*WORK TO BE COMPLETED*. From the listing below, restate word for word the lines from the line containing "直到今天,日本仍在使用一個佛" down through the line containing "Голубь в толпе - пейзаж в Procreate поэтапно". Exclude pictures.

*MATERIAL PROVIDED*.
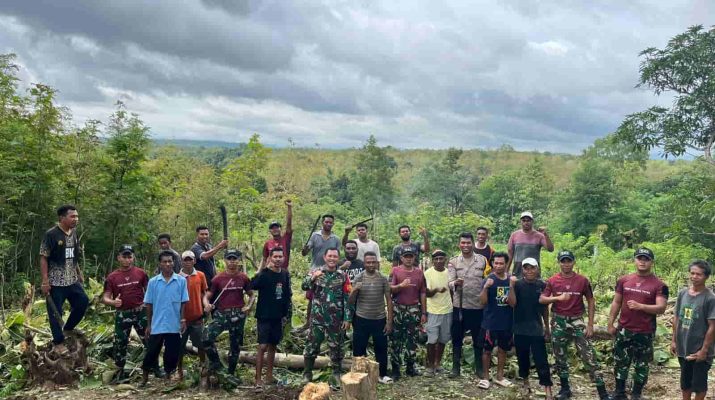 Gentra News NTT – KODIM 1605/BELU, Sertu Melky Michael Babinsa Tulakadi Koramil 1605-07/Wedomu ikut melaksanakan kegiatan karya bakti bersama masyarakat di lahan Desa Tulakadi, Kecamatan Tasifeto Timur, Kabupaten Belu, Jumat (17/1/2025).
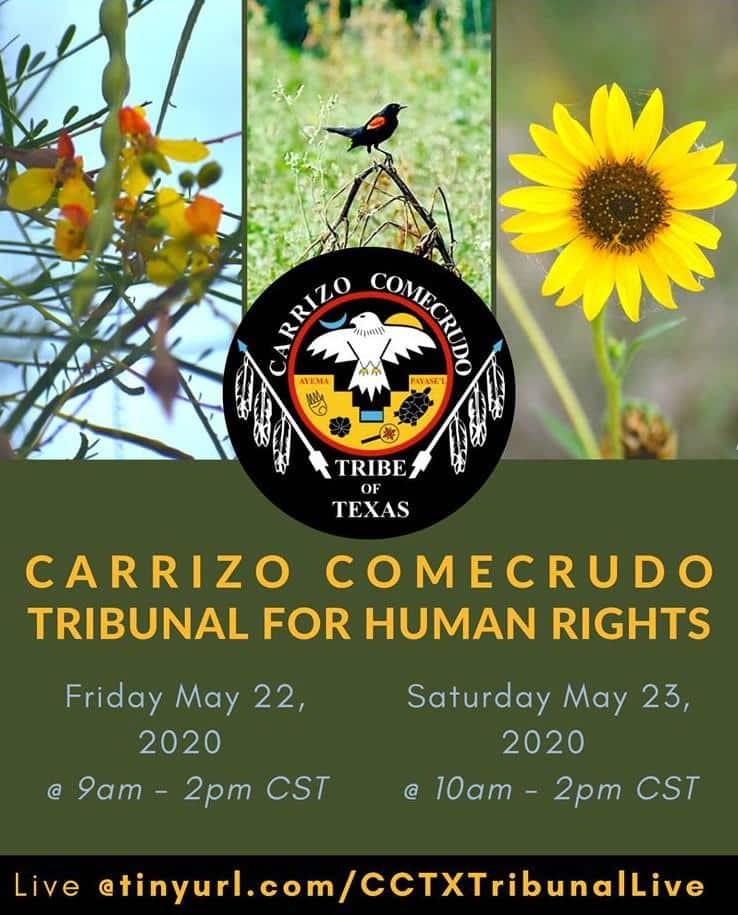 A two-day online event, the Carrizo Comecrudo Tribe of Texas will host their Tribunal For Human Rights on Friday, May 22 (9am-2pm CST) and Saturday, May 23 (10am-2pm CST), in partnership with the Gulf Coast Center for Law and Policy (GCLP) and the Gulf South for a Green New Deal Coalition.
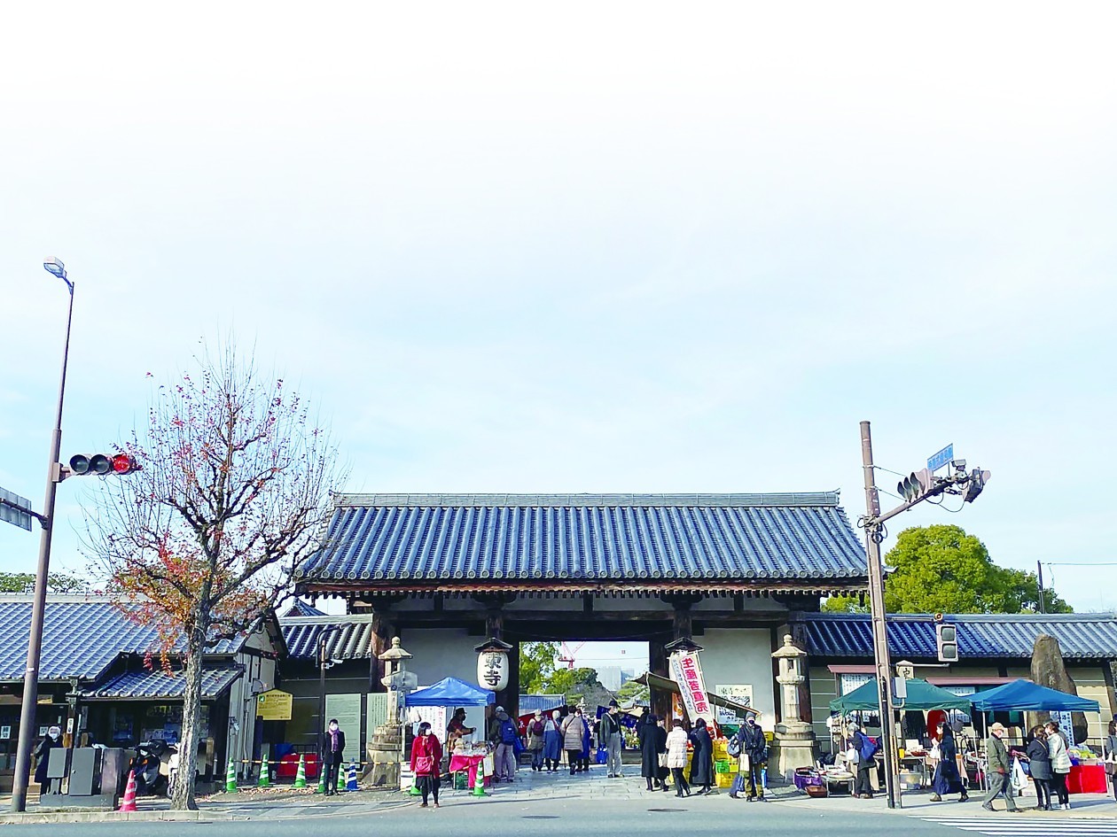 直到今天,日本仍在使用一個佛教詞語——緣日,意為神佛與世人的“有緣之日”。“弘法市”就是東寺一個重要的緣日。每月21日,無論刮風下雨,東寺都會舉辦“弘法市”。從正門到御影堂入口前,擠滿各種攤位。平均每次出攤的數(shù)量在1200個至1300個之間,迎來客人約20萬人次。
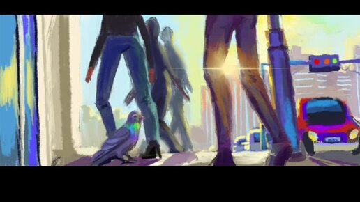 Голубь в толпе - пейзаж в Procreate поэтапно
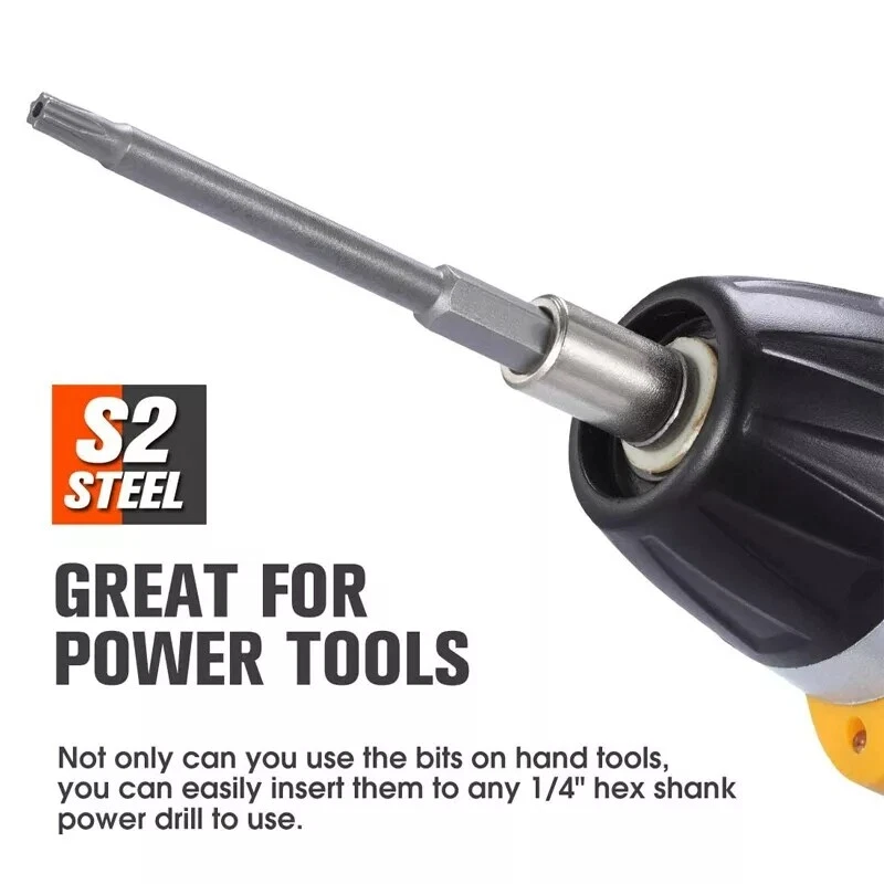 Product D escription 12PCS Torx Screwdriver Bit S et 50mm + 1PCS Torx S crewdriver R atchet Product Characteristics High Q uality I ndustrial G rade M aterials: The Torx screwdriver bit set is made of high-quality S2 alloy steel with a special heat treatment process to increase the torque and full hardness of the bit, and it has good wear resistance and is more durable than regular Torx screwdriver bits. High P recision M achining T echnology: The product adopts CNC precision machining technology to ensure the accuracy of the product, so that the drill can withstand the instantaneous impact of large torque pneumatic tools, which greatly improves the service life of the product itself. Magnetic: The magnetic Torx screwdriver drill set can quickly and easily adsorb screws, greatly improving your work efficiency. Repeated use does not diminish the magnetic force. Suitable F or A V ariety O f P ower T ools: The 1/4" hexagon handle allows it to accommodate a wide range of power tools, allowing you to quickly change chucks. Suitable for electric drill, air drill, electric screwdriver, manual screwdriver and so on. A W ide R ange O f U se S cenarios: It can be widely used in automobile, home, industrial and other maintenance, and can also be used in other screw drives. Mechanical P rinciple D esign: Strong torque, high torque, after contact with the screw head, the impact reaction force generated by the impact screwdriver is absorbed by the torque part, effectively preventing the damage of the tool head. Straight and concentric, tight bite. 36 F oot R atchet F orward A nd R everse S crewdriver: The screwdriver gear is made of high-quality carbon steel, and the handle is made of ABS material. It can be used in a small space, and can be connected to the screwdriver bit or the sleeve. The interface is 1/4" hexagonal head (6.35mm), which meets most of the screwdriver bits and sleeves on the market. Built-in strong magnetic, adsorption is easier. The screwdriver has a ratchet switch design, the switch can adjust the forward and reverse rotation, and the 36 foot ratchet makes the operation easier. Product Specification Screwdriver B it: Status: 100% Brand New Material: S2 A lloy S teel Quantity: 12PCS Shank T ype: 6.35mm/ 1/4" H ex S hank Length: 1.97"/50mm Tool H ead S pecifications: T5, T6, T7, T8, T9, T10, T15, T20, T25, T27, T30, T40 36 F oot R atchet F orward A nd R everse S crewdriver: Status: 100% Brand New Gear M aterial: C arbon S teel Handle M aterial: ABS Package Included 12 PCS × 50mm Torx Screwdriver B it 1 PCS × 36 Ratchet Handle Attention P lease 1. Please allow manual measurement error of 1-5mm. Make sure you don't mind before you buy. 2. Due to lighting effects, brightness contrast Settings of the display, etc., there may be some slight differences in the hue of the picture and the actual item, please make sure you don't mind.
...
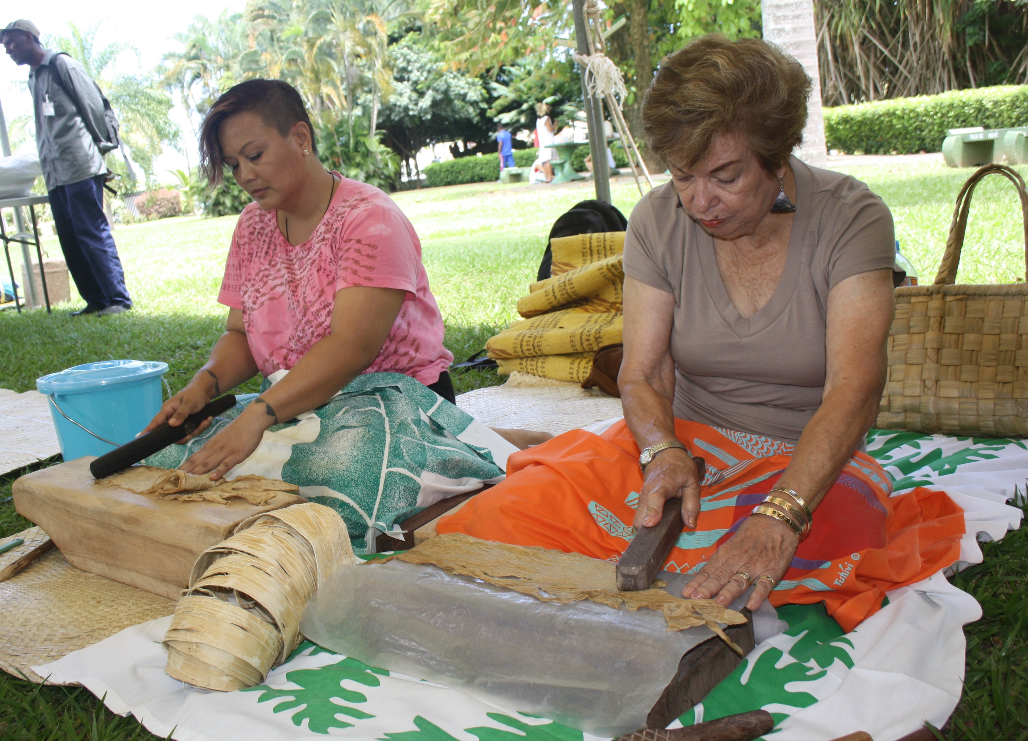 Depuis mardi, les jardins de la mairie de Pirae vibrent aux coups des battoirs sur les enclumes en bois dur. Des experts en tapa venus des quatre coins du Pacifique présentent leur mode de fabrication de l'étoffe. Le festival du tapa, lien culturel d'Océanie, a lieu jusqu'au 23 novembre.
...
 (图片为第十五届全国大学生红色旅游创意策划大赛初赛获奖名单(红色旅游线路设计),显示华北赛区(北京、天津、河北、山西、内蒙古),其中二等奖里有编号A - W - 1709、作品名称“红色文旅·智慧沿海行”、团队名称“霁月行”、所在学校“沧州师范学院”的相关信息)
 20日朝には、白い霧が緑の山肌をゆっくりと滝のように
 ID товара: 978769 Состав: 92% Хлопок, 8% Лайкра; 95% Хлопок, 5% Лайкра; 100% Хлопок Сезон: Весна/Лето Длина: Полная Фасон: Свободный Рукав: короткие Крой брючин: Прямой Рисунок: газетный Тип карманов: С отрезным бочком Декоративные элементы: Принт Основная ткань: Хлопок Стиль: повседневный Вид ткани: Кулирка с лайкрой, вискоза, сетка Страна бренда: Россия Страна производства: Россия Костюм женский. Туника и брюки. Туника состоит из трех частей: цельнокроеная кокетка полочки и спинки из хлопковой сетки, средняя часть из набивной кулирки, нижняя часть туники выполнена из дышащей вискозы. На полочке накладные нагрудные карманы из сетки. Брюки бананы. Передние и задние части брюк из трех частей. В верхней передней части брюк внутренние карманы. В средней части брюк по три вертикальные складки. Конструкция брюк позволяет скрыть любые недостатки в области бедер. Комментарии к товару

*RESULT OF THIS EXERCISE*.
 直到今天,日本仍在使用一個佛教詞語——緣日,意為神佛與世人的“有緣之日”。“弘法市”就是東寺一個重要的緣日。每月21日,無論刮風下雨,東寺都會舉辦“弘法市”。從正門到御影堂入口前,擠滿各種攤位。平均每次出攤的數(shù)量在1200個至1300個之間,迎來客人約20萬人次。
 Голубь в толпе - пейзаж в Procreate поэтапно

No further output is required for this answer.